Hot Life Science Investor Mandate 1: Private Investment Company is Flexible in Allocation Strategy

12 Dec

A private investment company established by a single high net worth individual is looking to make direct investments in the therapeutics space. Based in the Eastern US, the firm manages an evergreen structure, allowing it to have a very large range for investment size, capital structure, and holding period. The firm has no set number of allocations that it plans to make over the next 6-9 months and will evaluate all relevant opportunities on a case by case basis.

The firm is currently looking for US based companies companies in the therapeutics space and is open to considering both Biologics and Small Molecules. Companies with assets in phase II or later are of high interest, and companies in phase I that have some human efficacy data are also open to consideration. The firm is not interested in therapeutics areas with subjective endpoints such as pain and mental disorders.

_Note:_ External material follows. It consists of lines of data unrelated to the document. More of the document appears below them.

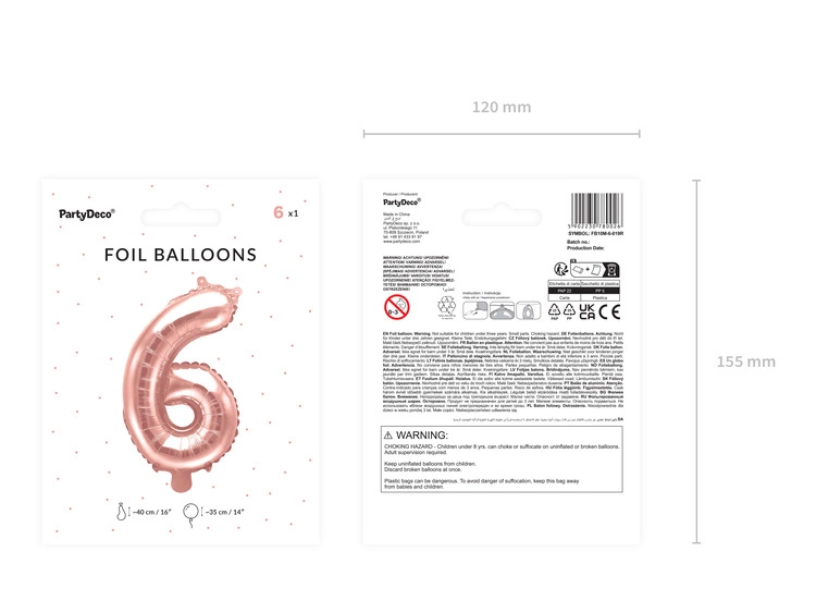 Balon foliowy 6 różowe złoto rose gold 35cm 1 sztuka FB10M-6-019R
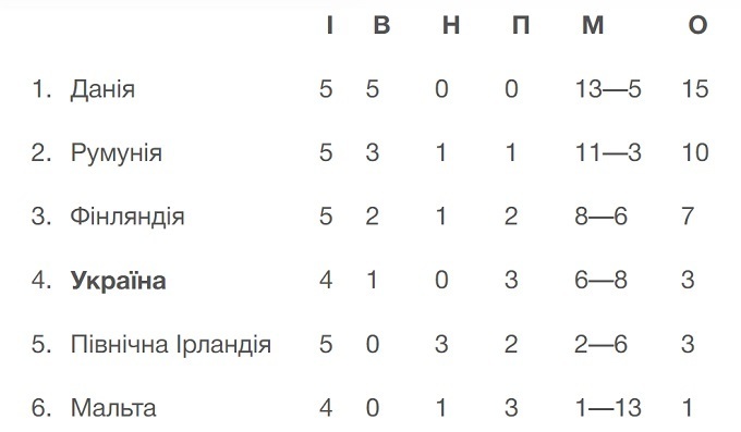 Турнірне становище у відбірковій групі 8:
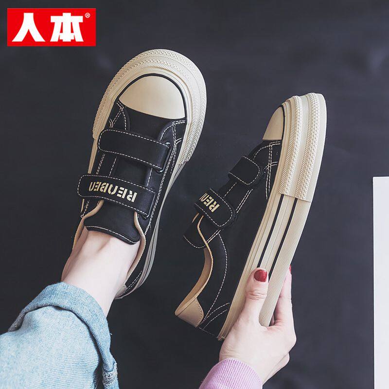 人本魔术贴帆布鞋女2026春季薄款ins百搭休闲板鞋懒人鞋显瘦女鞋
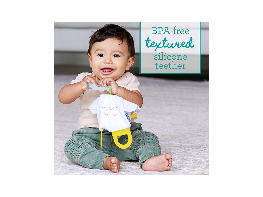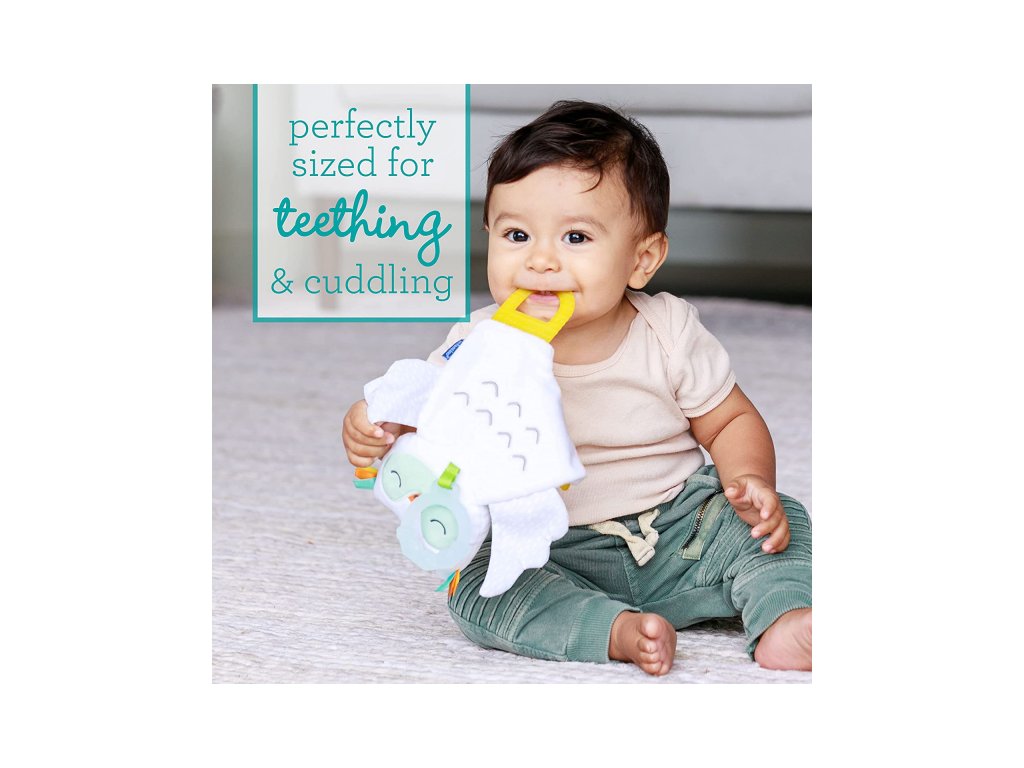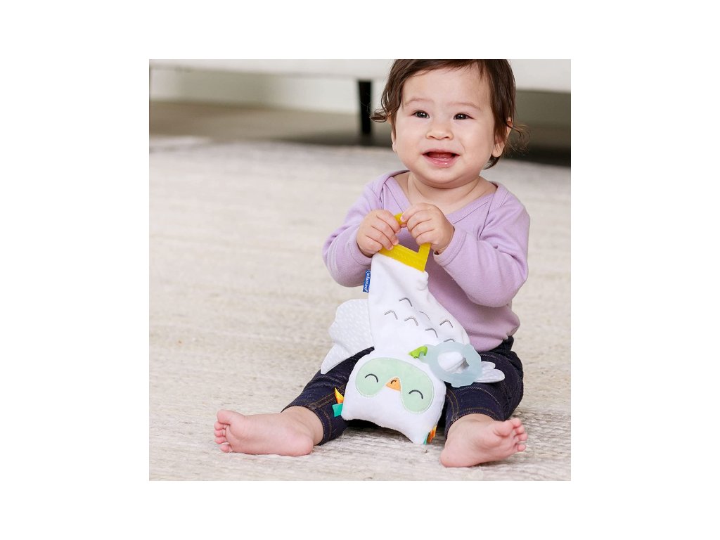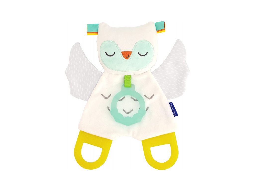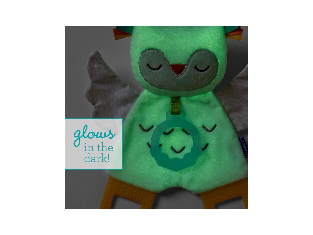 Unikátní muchláček v podobě sovy je vyrobený z materiálu, který ve tmě jemně svítí. Je tak ideální jako hračka do postýlky pro uklidnění vašeho dítěte v noci. Součástí hračky jsou i tři kousátka z jemného silikonu, která pomáhají dítěti při prořezávání prvních zoubků. Šusticí křídla a různorodé textury hračky budou lákat dítě ke zkoumání.

The firm is looking for both private and micro-cap publicly held companies, and evaluates management on a case by case basis. Taking a board seat is not a requirement for the firm and their involvement in the management of the firm varies based on the needs of the company. The firm is interested in both leading as well as co-investing in investment rounds.

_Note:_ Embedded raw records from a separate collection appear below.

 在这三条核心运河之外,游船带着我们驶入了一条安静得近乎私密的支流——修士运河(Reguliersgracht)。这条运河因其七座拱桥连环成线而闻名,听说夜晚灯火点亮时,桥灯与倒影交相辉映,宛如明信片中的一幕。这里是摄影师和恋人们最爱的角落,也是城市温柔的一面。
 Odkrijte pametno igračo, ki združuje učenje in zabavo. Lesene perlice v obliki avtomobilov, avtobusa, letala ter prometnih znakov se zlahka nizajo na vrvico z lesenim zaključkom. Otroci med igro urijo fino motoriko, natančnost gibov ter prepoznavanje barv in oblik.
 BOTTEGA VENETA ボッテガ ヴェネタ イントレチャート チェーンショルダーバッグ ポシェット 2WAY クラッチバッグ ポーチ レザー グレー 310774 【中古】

Hot Life Science Nation 2: Family Office Makes Direct Investments in Several Areas

12 Dec

A multi-family office based in the Central US is looking to make direct investments in a variety of sectors including healthcare & life sciences.  Investments from this firm in early-stage companies are typically in the form of equity, whereas debt investments in later-stage companies may be considered.  The office’s allocations are highly variable, but are typically at least $3 million.  The firm primarily invests in US-based companies, but Canadian companies may also be considered.

Within the life science sector, the firm has diverse interests, with a primary focus on medical devices and medical service providers (including biotech R&D services and healthcare IT companies). Investments in therapeutic drug development may also be considered. The firm is a generalist investor, and is open to investing in both preclinical and clinical-stage companies and considers opportunities on a case by case basis. While the firm will consider investments in almost any indication, they prefer to invest in large markets, and do not consider investment opportunities in rare diseases.

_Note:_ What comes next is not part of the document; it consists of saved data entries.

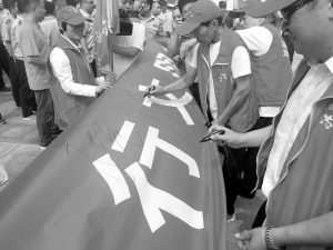 6月13日上午,周口市文明交通助力城市治理行动在五一文化广场启动。图为市民在“自觉践行文明交通 共同助力城市治理”条幅上签名,承诺将从自己做起,安全文明出行,积极参与文明交通助力城市治理行动。晚报记者 朱东一 摄
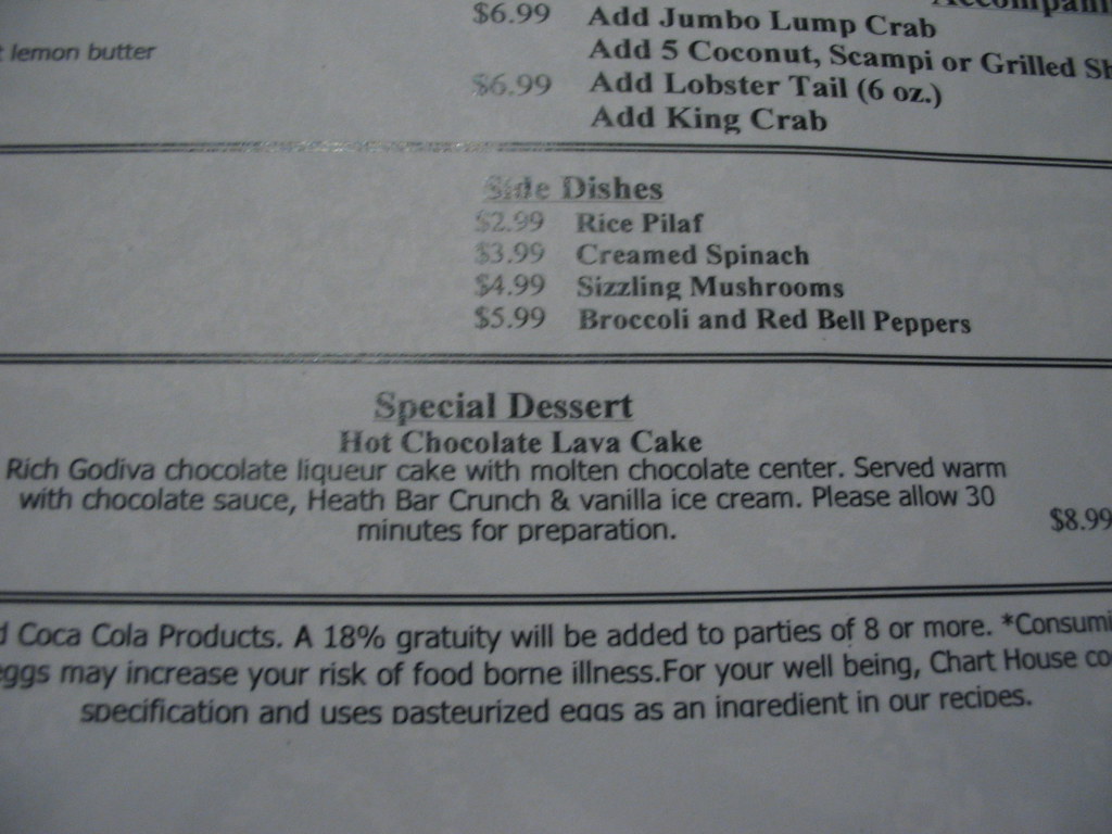 Menu at Chart House steakhouse, Weehawken, Harbor Blvd
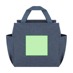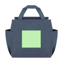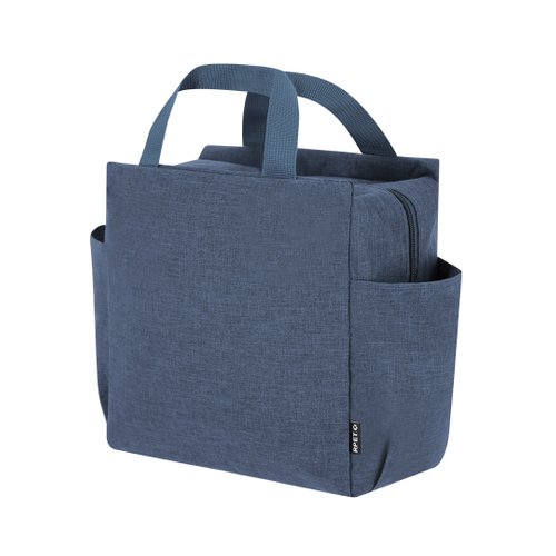 Bolsa nevera isotérmica confeccionada en poliéster RPET 600D. Compartimento principal acolchado con cierre de cremallera con tirador metálico. En los laterales cuenta con bolsillos abiertos, y asar para fácil transporte en la parte superior.
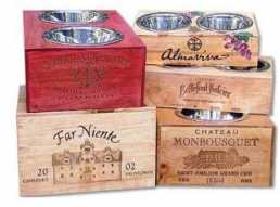From unique, eco-friendly, authentic hand-crafted wooden wine crates from prestigious European, Californian, Australian and Chilean vineyards comes the Whiner and Diner bowl for your pooch.
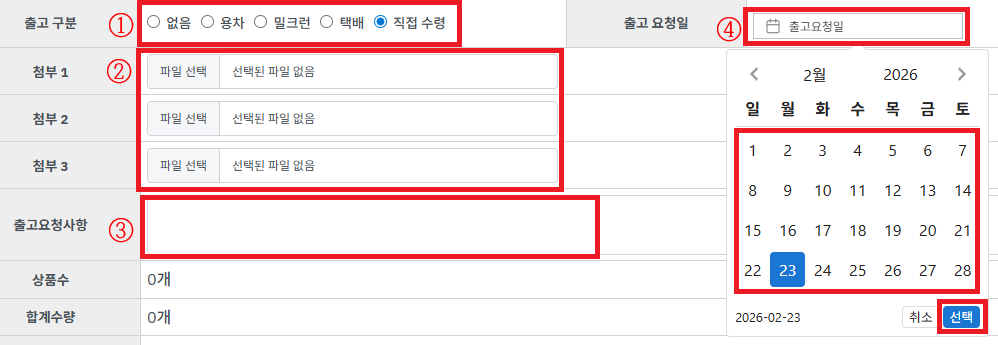 ③ 출고요청사항을 간략하게 기입 합니다. 공란으로 두셔도 됩니다.
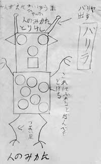 「ちていロボットバリラ」 私は今でも人間と機械モノを描くのがひじょうに不得意なのだが、こうやって見ると昔からその不得意ぶりをいかんなく発揮していたようだ。 「これに触れると何でも溶ける」って、 ただの段ボール箱ちゃうんかこれ?! |
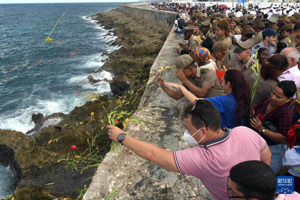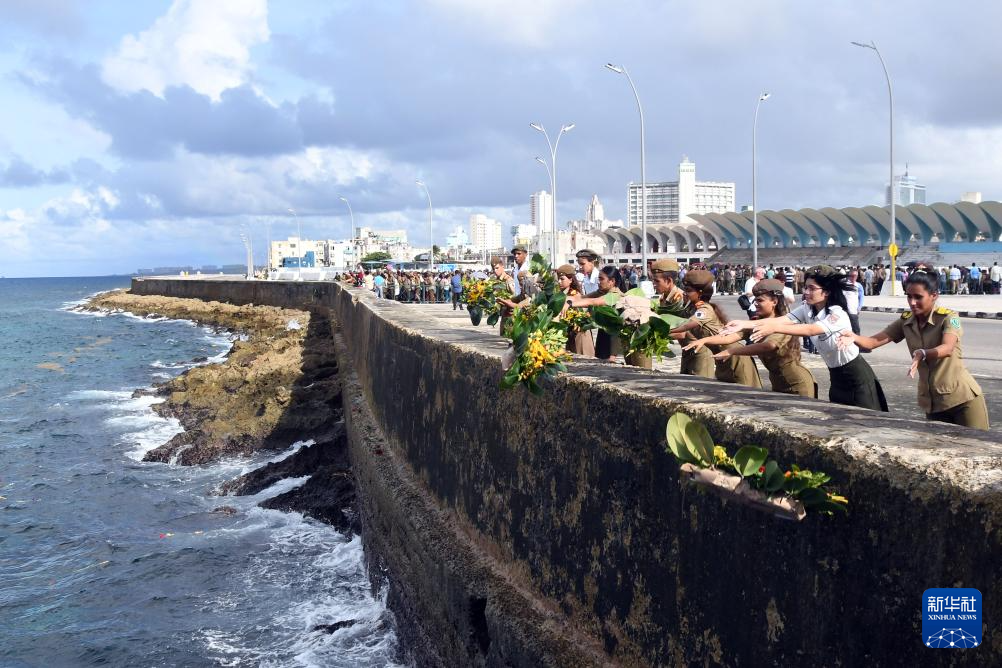 10月28日,在古巴首都哈瓦那海滨大道,古巴军事院校学员向海中抛撒鲜花,纪念古巴革命英雄卡米洛·西恩富戈斯遇难66周年。
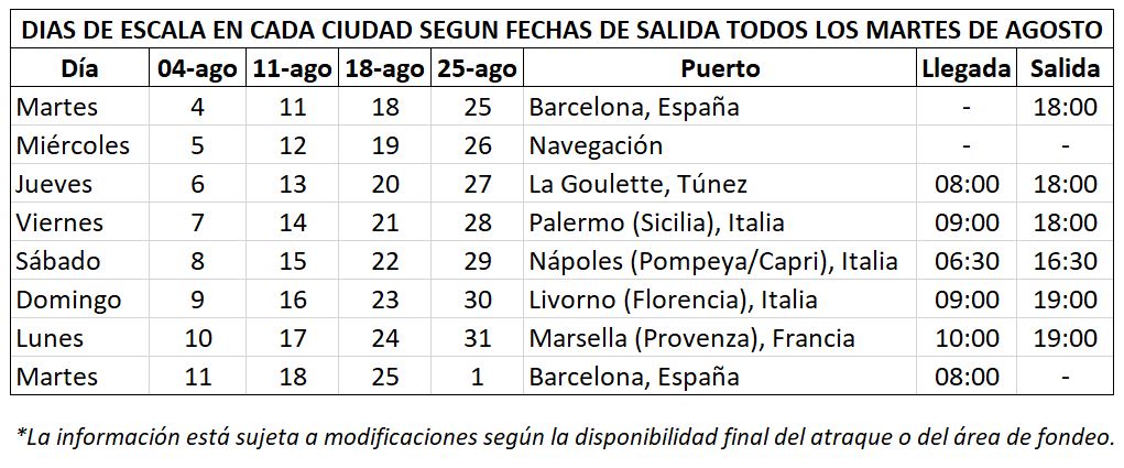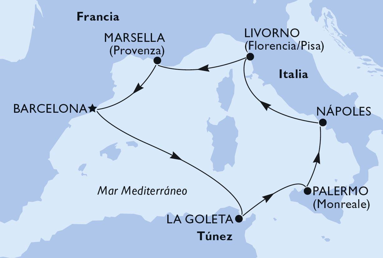 Salida desde el puerto de Barcelona visitando La Goulette (Túnez) , Palermo (Sicilia) , Nápoles (Italia), Livorono (Florencia - Italia) , Marsella (Francia) y desembarque en el puerto de Barcelona

This family office seeks to invest in solid management teams that have developed a product based on proprietary, patented technology. While the firm does make investments into pre-revenue companies, they require that the company have a clearly defined path to revenue.

Hot Life Science Investor Mandate 3: VC Incubator Seeks Wide Range of Early Stage Opportunities

12 Dec

A life-sciences focused venture capital incubator / accelerator based in the Western US is looking to provide capital in the form of equity and convertible notes to seed and venture stage companies in the life science space. The firm can provide capital in the range of a few hundred thousand to $2 million or more by leveraging its groups of angel syndicates. The firm invests in companies across the United States, Europe and Australia with a preference for California based companies. The firm looks to be involved in 3 new companies per year. The VC is currently looking for companies in areas of Medical Technology / Devices, Therapeutics and Companion Diagnostics. In the Medical Device space the firm is open in terms of sector and indication and will consider firms that are in the development phase as well as those that have entered clinical trials. In the therapeutics space the firm is generally open as well however the firm is highly interested in areas of cell and gene therapy and oncology. For therapeutics the firm tends to get involved at the preclinical stage or during phase I of clinical trials. The firm is looking for confident and experienced management teams. Given the early stage investment style that the firm has, they often work with management teams that are incomplete and have primarily academic backgrounds. Part of the value that the firm looks to add is helping firms fill in the gaps in their current management.